More often than not, the litigation guardian is a relative, friend or caregiver.  Barring that,  the court may select someone who does not personally know the person requiring a litigation guardian. In either case, the person chosen to fill this role must become familiar with the person’s situation and issue instructions that reflect their charge’s best interests.

Litigation guardians are generally appointed in the following types of cases:

  • Personal injury;
  • a criminal compensation application;
  • various matters related to Wills;
  • family provision applications.

A litigation guardian must be selected to represent someone in any Federal Circuit Court matter in which that party is incapable of understanding the proceeding or its potential consequences; or is incapable of fulfilling his or her legal obligations. Applicable court rules dictate that a minor must have a litigation guardian unless the court orders otherwise.

In accordance with Family Law Rules, a litigation guardian in the Family Court is known as a ‘case guardian’. In any Family Court matter a person who is legally classified as a child or is otherwise incapable of instructing his or her attorney, and/or fulfilling his or her legal obligations, must have a case guardian in order to initiate, continue, respond to, or intervene in proceedings. The only exception to this rule is if the court finds that the child not only comprehends the nature and possible consequences of the case, but can also make certain decisions and meet his or her legal obligations.

There are several methods for appointment. Someone can simply apply to be appointed a litigation guardian or case  guardian.
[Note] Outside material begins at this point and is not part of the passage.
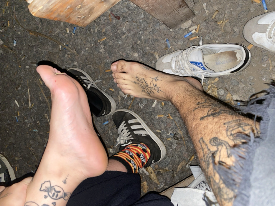 Two pairs of feet rest on a gravel-covered surface littered with cigarette butts. One foot is bare with a tattoo on the top, accompanied by a worn white Adidas sneaker. The other foot, also bare, is next to a black Adidas Campus shoe with a patterned sock. Both legs have tattoos; one leg also features tattered clothing. The lighting is dim, casting shadows on the scene. A wooden plank is visible in the upper portion of the image.

In certain circumstances, the court may ask the Attorney-General to nominate a litigation guardian or case guardian. The court may also make its own motion for appointment of a litigation guardian. It may also remove or replace a litigation guardian.
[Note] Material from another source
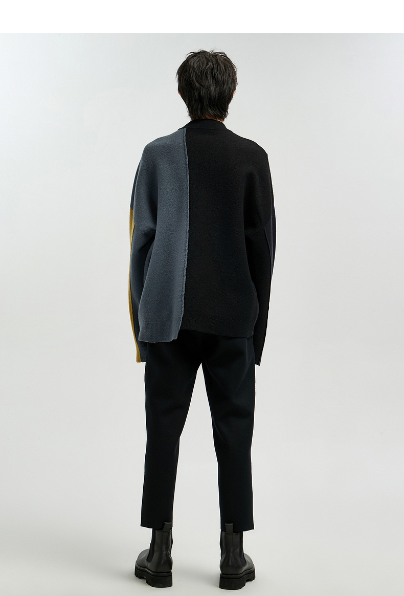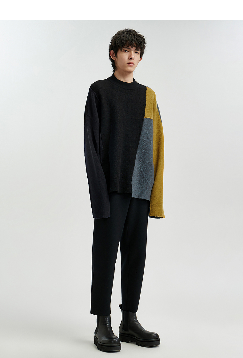 【商场同款】速写男装20冬新品毛衫圆领套头撞色拼接9K0820090

Once the appointment is finalised, the litigation or case guardian must advise all other relevant parties about it in writing.

A newly-selected litigation guardian or case guardian must also abide by applicable court rules. Furthermore, he or she must do everything ordinarily required of a party to the litigation. Finally, he or she may also do anything that the party to the litigation would ordinarily do for his or her own benefit.

As we have already noted, a litigation guardian must obtain proper legal advice. In this context, he or she must duly consider any proposals for resolution of the case, such as participation in alternative dispute resolution.

In accordance with a relevant court order, any costs incurred by the litigation guardian are paid by a party to the litigation or from the income or property of the person that he or she represents.